§ Work instructions: Below are some entries. Repeat exactly the lines from the one with "本次活动有两种参与方式,两人" through the one with "Si bien los", and only those.
Data to use Block Start
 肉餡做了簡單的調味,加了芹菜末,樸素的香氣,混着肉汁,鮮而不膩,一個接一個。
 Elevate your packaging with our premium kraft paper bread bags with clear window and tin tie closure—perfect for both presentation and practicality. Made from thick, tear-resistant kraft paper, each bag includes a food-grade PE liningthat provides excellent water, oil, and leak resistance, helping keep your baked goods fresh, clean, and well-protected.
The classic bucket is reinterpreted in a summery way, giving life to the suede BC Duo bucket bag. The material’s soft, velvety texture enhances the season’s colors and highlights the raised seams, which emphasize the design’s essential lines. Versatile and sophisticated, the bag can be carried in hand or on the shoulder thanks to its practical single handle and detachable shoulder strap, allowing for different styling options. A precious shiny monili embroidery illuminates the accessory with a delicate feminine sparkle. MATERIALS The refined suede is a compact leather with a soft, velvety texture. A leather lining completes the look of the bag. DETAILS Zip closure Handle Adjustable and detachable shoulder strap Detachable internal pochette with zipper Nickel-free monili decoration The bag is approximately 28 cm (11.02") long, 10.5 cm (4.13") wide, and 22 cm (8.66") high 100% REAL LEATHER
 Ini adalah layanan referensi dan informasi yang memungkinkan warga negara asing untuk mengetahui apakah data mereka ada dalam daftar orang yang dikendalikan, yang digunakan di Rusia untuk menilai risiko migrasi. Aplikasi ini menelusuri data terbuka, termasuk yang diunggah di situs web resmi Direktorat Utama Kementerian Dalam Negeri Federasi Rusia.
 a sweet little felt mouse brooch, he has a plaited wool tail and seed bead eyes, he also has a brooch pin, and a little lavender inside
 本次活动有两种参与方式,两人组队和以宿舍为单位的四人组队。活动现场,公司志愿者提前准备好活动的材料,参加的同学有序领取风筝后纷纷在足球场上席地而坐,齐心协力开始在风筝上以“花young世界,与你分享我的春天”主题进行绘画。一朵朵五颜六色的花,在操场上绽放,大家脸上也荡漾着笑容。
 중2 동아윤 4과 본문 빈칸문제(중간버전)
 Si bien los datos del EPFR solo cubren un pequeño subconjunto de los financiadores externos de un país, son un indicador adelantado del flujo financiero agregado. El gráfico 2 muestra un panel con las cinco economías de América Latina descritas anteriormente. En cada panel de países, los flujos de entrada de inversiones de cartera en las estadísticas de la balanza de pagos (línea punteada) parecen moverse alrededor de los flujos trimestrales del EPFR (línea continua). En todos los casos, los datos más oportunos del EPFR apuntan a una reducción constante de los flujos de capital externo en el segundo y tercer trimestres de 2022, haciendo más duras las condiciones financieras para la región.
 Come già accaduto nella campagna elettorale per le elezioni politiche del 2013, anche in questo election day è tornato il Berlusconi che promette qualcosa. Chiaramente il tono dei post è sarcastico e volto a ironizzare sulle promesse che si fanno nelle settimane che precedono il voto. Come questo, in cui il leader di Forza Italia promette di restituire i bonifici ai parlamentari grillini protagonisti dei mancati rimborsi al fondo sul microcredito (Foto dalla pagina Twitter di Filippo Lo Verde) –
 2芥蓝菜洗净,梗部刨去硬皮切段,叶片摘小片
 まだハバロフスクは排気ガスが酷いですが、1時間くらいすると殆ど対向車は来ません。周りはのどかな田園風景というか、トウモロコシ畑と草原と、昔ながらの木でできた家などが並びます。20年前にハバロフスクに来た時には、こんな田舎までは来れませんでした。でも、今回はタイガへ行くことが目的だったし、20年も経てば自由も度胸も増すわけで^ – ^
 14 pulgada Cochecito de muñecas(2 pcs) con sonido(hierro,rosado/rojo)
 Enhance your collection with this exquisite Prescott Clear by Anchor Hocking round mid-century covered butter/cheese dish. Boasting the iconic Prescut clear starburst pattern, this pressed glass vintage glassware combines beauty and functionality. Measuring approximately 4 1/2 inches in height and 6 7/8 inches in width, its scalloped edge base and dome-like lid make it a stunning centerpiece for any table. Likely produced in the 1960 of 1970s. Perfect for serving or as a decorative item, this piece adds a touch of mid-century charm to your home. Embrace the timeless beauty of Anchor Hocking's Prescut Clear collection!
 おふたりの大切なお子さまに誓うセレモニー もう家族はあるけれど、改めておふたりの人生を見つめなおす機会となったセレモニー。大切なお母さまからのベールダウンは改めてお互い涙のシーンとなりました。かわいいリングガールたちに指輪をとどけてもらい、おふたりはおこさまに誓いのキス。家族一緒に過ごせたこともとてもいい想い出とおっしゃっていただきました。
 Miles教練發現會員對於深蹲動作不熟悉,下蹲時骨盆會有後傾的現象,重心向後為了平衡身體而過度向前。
Data to use Block End
§ Answer to this problem:
 本次活动有两种参与方式,两人组队和以宿舍为单位的四人组队。活动现场,公司志愿者提前准备好活动的材料,参加的同学有序领取风筝后纷纷在足球场上席地而坐,齐心协力开始在风筝上以“花young世界,与你分享我的春天”主题进行绘画。一朵朵五颜六色的花,在操场上绽放,大家脸上也荡漾着笑容。
 중2 동아윤 4과 본문 빈칸문제(중간버전)
 Si bien los datos del EPFR solo cubren un pequeño subconjunto de los financiadores externos de un país, son un indicador adelantado del flujo financiero agregado. El gráfico 2 muestra un panel con las cinco economías de América Latina descritas anteriormente. En cada panel de países, los flujos de entrada de inversiones de cartera en las estadísticas de la balanza de pagos (línea punteada) parecen moverse alrededor de los flujos trimestrales del EPFR (línea continua). En todos los casos, los datos más oportunos del EPFR apuntan a una reducción constante de los flujos de capital externo en el segundo y tercer trimestres de 2022, haciendo más duras las condiciones financieras para la región.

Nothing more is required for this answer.